Scholarly works by reputable experts who study this sort of horrifying thing can corroborate plenty of dismal facts if you wish. For example, socioeconomic mobility is substantially easier to achieve in those damned socialist Euro nations than in the U.S. of A., or that real wages for all but the top earners have flat lined or dropped since the 1970s. [8] [9]

These are shitty things about our country. We are not playing a fair game and those who claim we are need to stop kidding themselves. Fundamentally, the manifestation of inequality within internships and internships' reproduction and exacerbation of inequality springs from a powerful subterranean current driven by a wealth distribution gone completely sideways.

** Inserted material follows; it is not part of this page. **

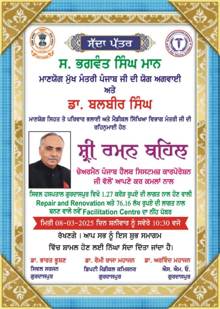 ਚੇਅਰਮੈਨ ਰਮਨ ਬਹਿਲ ਵੱਲੋਂ 8 ਮਾਰਚ 2025 ਨੂੰ ਸਵੇਰੇ 10:30 ਵਜੇ ਸਿਵਲ ਹਸਪਤਾਲ ਗੁਰਦਾਸਪੁਰ ਵਿਖੇ ਨਵੇਂ ਫੈਸਲੀਟੇਸ਼ਨ ਸੈਂਟਰ ਦਾ ਰੱਖਿਆ ਜਾਵੇਗਾ ਨੀਂਹ ਪੱਥਰ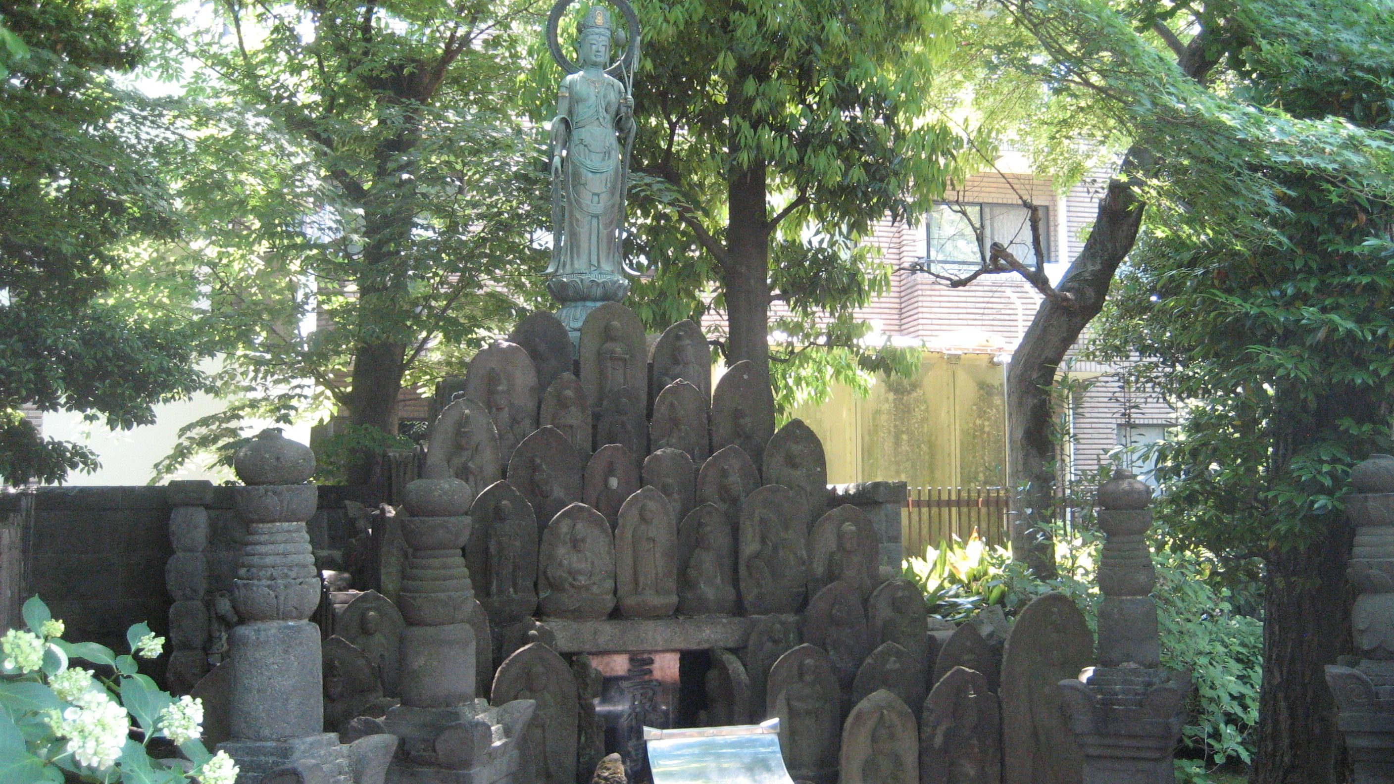 山門をくぐってすぐ左の石仏群……以前お邪魔した上大崎「 法性山清岸寺 ​」の三界萬霊塔を思い出します。

The narrative of unpaid internships has played out in newspapers written and read by middle- to upper-class families. Appropriately, then, the papers reflect that cohort's anxieties. The anxieties are entirely reasonable, but they are indicative of privilege most Americans do not have. Still issues surrounding unpaid internships twine with problems in America at large when we put it in perspective as an outgrowth of the topsy-turvy state of current affairs affecting us all. Our ineffectively fettered market economy is throwing funhouse reflections of the American Dream back at us. Instead of hammering the bendy mirror flat, we’re fumbling dumbly at our elongated necks and running the numbers on outpatient cosmetic surgery.

We ought to shy away from solving the first-order cause (unpaid internships, outmoded labor laws, and exploitative corporations), peer past the second-order cause (bar-raising at every level, professional and academic), and dig deep until we hit upon the root of the issue. Cut the roots; kill the tree; save the unpaid intern.

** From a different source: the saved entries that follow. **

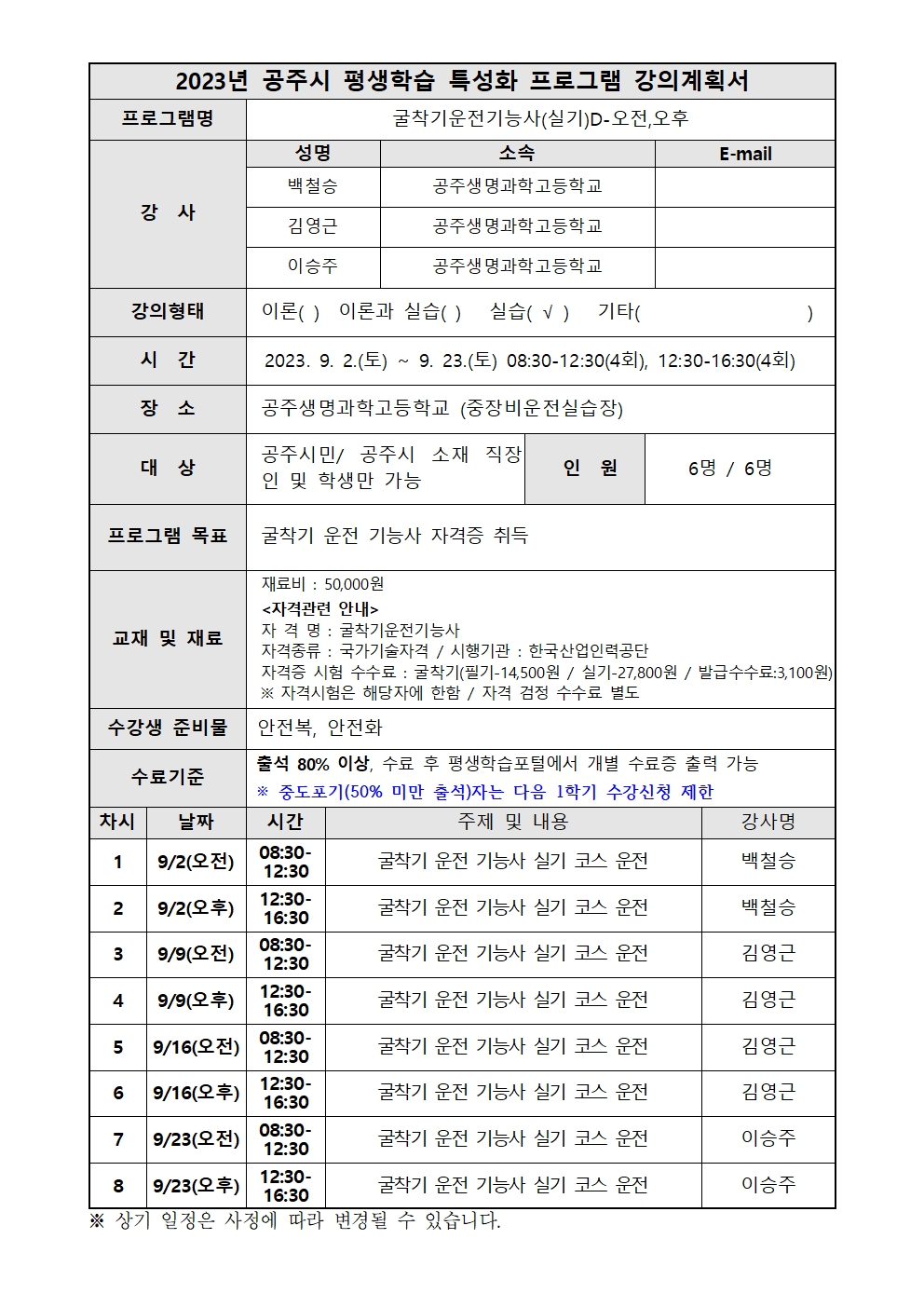 | 강의계획서 | 강의계획서(게시용)-굴착기운전기능사(실기)D-오전,오후001.jpg | ||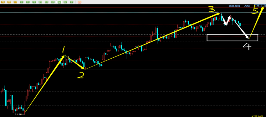 06-08 09:39原油最近的走势让做多者欢呼,抄顶的一次一次被止损,不看趋势只是一味自己想象市场最终会告诉你真理是什么!不过这个代价有些大。昨天原油我们继续给出多单策略,稳赚7美金没有任何问题。目前来看行情尝试向上发起冲击但美盘最终无功而返,同时出现了明显的九波延长浪,因此有理由相信此位置附近将会出现一次回落调整走势。考虑69.30附近卖出,风控69.80上方,目标68.50-68.00。结构上某一级别3浪已到尾声,将要开启4浪调整,后期调整结束后油价将再次回归上行走势。图片为原油2小时图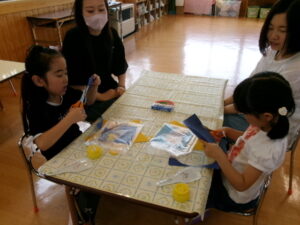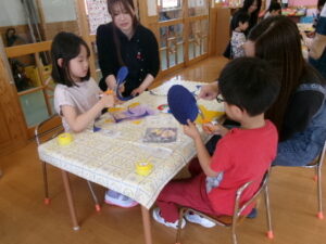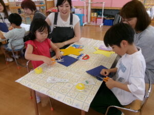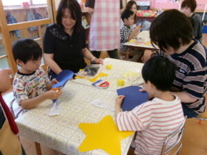 今日は、ぞうくみの保育参観・懇談会がありました。朝の会では『これはのみのぴこ』の詩の暗唱を披露しましたよ。その後は七夕製作をしました。はさみを使って、らせん状に切ったり、おりがみをじゃばらに折ったり、お家の人と一緒に楽しそうに作っていましたよ。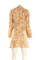 Zimmermann Orange Linen Mini Dress. Orange and cream. Long Sleeve. Crewneck. Zip fastening - Back. 100% Cotton. 1 (UK 10, US 6, FR 38, IT 42). Bust: 32 in. Waist: 28 in. Hips: 46 in. Length: 34 in.

[1] Interestingly, olives do not contain pimentos until a machine stuffs one in.

[2] See S. Greenhouse's NYT piece, “The Unpaid Intern, Legal or Not.”

[3] ..., zilch, nada.

[4] Only in airports.

[5] That the Times hands out a good deal of unpaid internships itself is just another entry in my Bullshit of Bullshits, All Is Bullshit** folder. This is an actual, physical folder of mine that I keep in my room alongside other important documents like my birth certificate and a letter I wrote to future-me in 5th grade. The folder is an enormous folder.

[5] **If you didn't get it, that's an Ecclesiastes reference. Appreciate me.

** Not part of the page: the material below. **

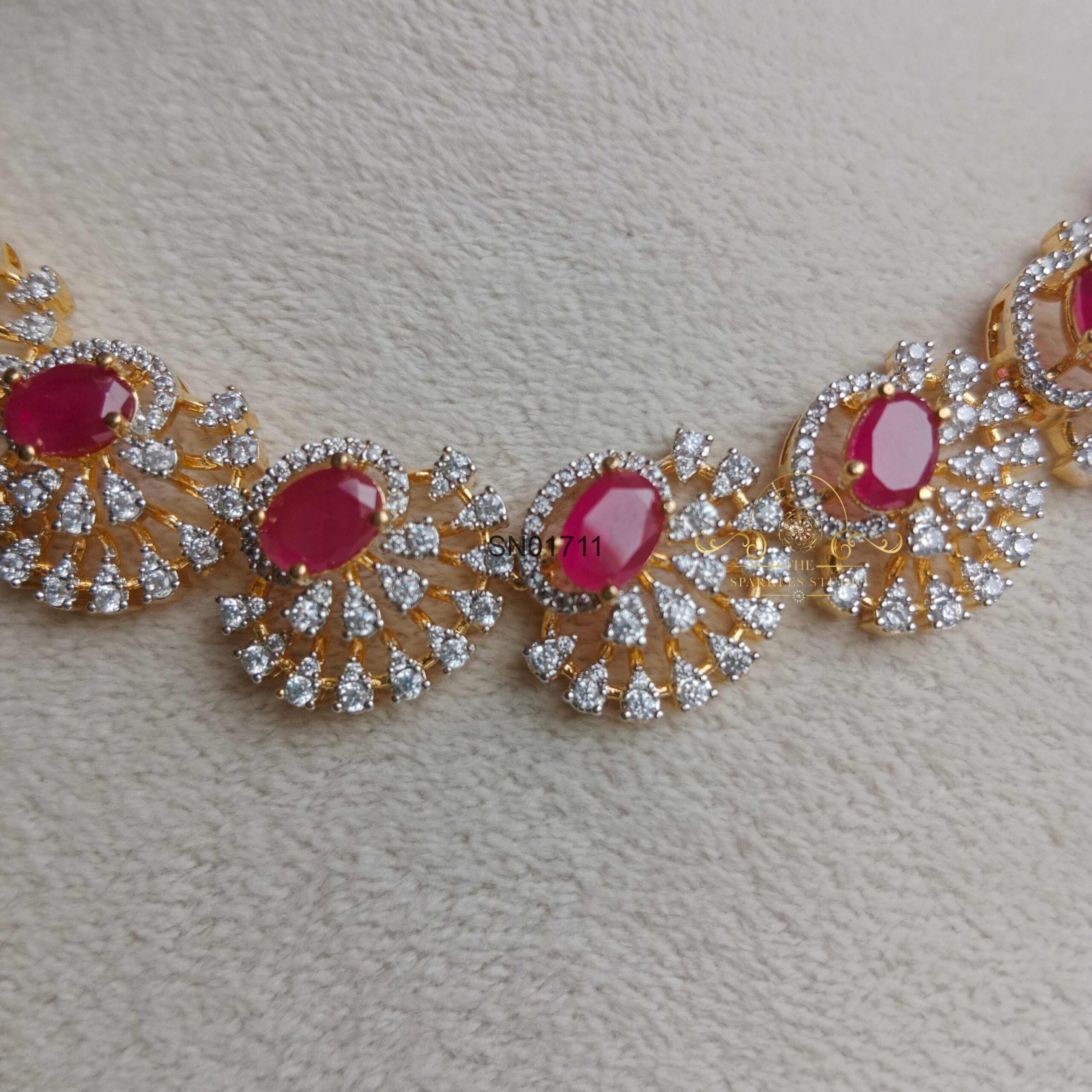 Ruby Half Flower AD Necklace Set

[6] Dan Ariely and Michael Norton, “Building a Better America – One Wealth Quintile at a Time.”

[7] OWS deserves credit for pushing important questions, even if the movement appeared constitutionally opposed to concrete proposals as though 'answers' are something that only The Man does. The 99% vs. 1% paradigm is an enduring OWS artifact. And though income inequality is visibly awful, wealth distribution tends toward the tragic. Wealth is a stronger assurance of economic security so if/when shit hits the fan, you lose your job, you need to pay tuition, etc., wealth helps you weather that storm. With negligible or negative net worth, millions of Americans have no choice but to lead their lives strung from paycheck to paycheck.

[8] Joseph Stiglitz, "Equal Opportunity, Our National Myth."

[9] Dylan Matthews, “Wages Aren't Stagnating, They're Plummeting.”